Monsieur le Maire, Cher Michel, Cher Jérôme, Chers amis.
Nous sommes sensibles aux propos que nous venons d'entendre. Ils témoignent des convergences bien illustrées par le théâtre Prémol, mais, comme on va le voir, ils ne font pas disparaitre pour autant, la marge de progression que nous souhaiterions combler pour construire un partenariat fécond.
Pour nous à GO - Citoyenneté, éducation et culture sont indissociables.
C'est pourquoi nous les qualifions de solidaires, contrairement à l'idéologie de démocratisation culturelle, d'André Malraux, qui a créé le ministère de la culture sur une rupture entre la connaissance : "faire connaître", et l'art : "faire aimer".
En ce qui nous concerne, nous pensons qu'il faut installer une relation forte et vivante entre les actions culturelles et celles qui touchent à l'éducation et à la formation…, de la maternelle à l'université.
Nous avons besoin sur ce point de clarifier nos positions respectives, car depuis deux mandats, dans nos débats en groupe de travail, et dans nos votes en conseil municipal, nous avons pu constater des différences d'approche : ce fut le cas pour MC2, pour le Magasin, pour le plan - théâtre…, et de façon plus générale pour la répartition des crédits entre les grandes institutions et les projets émergents.
Nous disons depuis longtemps et nous réaffirmons aujourd'hui, que le rôle historique de l'Etat en matière de démocratisation culturelle et éducative, touche à sa fin.
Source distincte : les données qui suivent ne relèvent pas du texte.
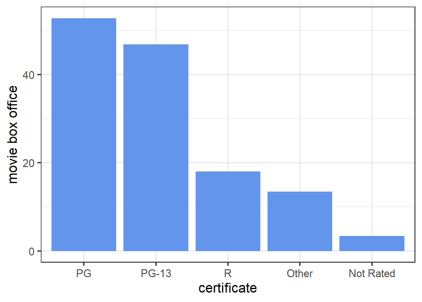 The PDP of certificate in tree model shows that PG and PG-13 movies tend to have more box office while Not Rated movies tend to have less box office. This is similar to the results obtained from linear model.

Sur ce point, l'Etat est un astre en voie d'extinction. Les collectivités locales ne peuvent plus se contenter de prolonger une politique de l'Etat qui ne répond plus aux exigences minimales de solidarité et de justice sociale.
Nous disons que l'on ne peut plus se contenter d'une logique d'offre de produits culturels, descendante (souvent condescendante).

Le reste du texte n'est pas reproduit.